"A long-standing problem in film scholarship involves the question of cinematic 'tone,' the way elements of style and narration can (often do) cut against the more obvious conventional 'grain' of the narrative without entirely undermining it. . . . Leitch's chapters on Hitchcock's British films contribute considerably to an understanding of this phenomenon while arriving at a number of strikingly revisionary conclusions regarding Hitchcock's early career."
—Leland Poague, Hitchcock Annual
"Perhaps even more important than Leitch's general application of game theory to the canon are his perceptive glosses on individual films, particularly those which have been perceived as somewhat difficult. . . . A book every film scholar with an interest in Hitchcock should own."

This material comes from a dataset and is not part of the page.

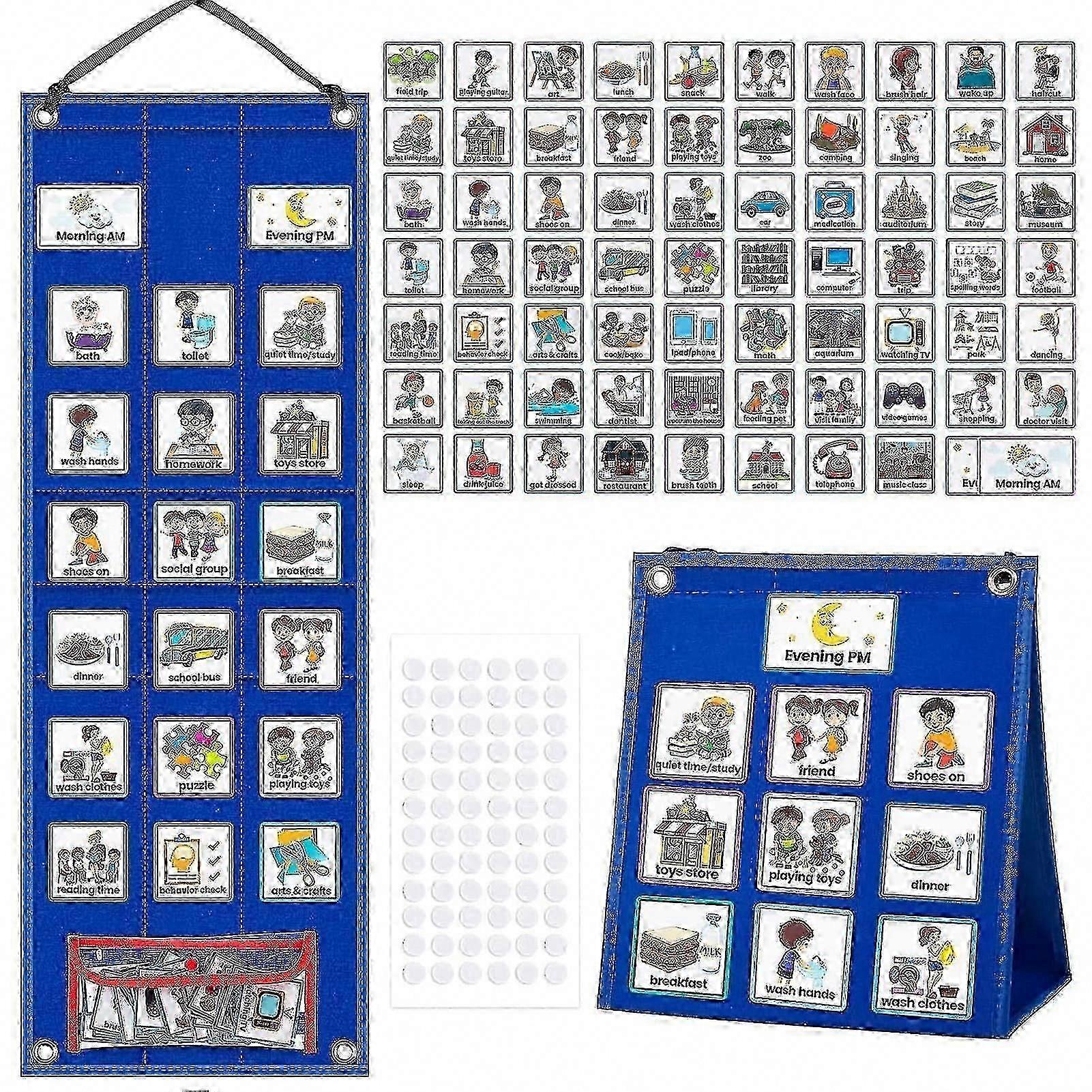 Kids Visual Timetable Daily Routine Chart - Educational Wall Hanging with 70 PECS Cards

"Leitch knows Hitchcock's films inside out and can write engagingly and unpretentiously about them."
—Paul Thomas, Film Quarterly
"Essential for collections interested in contemporary film/art theory, and an important addition to those concerned with the movies."
—Robert Rayher, Library Journal
Developing a model of narrative based on game theory, Thomas Leitch offers a compelling new explanation for the distinctiveness and power of Hitchcock's films. Games such as the director's famous cameo appearances, the author says, allow the audience simultaneously to immerse itself in the world created by the narrative and to stand outside that world and appreciate the self-consciously suspenseful or comic techniques that make the movie peculiarly Hitchcockian.

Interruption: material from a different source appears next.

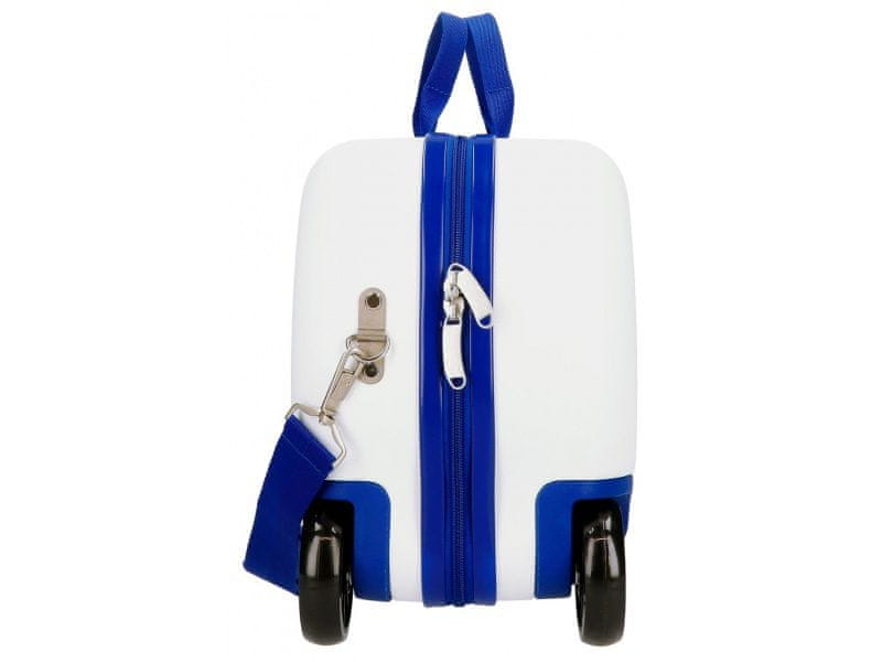 Sprednja dvojna vrtljiva kolesca omogočajo nemoteno premikanje in enostavno rokovanje. Kovček lahko vlečete kot voziček, ga s pasom nosite čez ramo ali pa na njem otrok udobno sedi.

A crucial aspect of the director's gameplaying, Leitch contends, emerges in the way he repeatedly redefines the rules. Leitch divides Hitchcock's career into key periods in which one set of games gives way to another, reflecting changes in the director's concerns and the conditions under which he was making movies at the time. For example, the films of his late British period (the original Man Who Knew Too Much, The 39 Steps, The Lady Vanishes) pivot on witty situational games that continually surprise the viewers; the American films that followed in the next decade (Rebecca, Notorious, The Paradine Case) depend more on drawing the viewer into a close identification with a central character and that character's plight. These films in turn are followed by such works as Rope and Strangers on a Train, in which cat-and-mouse games--between characters, between Hitchcock and the characters, between Hitchcock and the audience--are the driving force. By repeatedly redefining what it means to be a Hitchcock film, Leitch explains, the director fosters a highly ambivalent attitude toward such concerns as the value of domesticity, the loss of identity, and the need for--and fear of--suspenseful apprehension.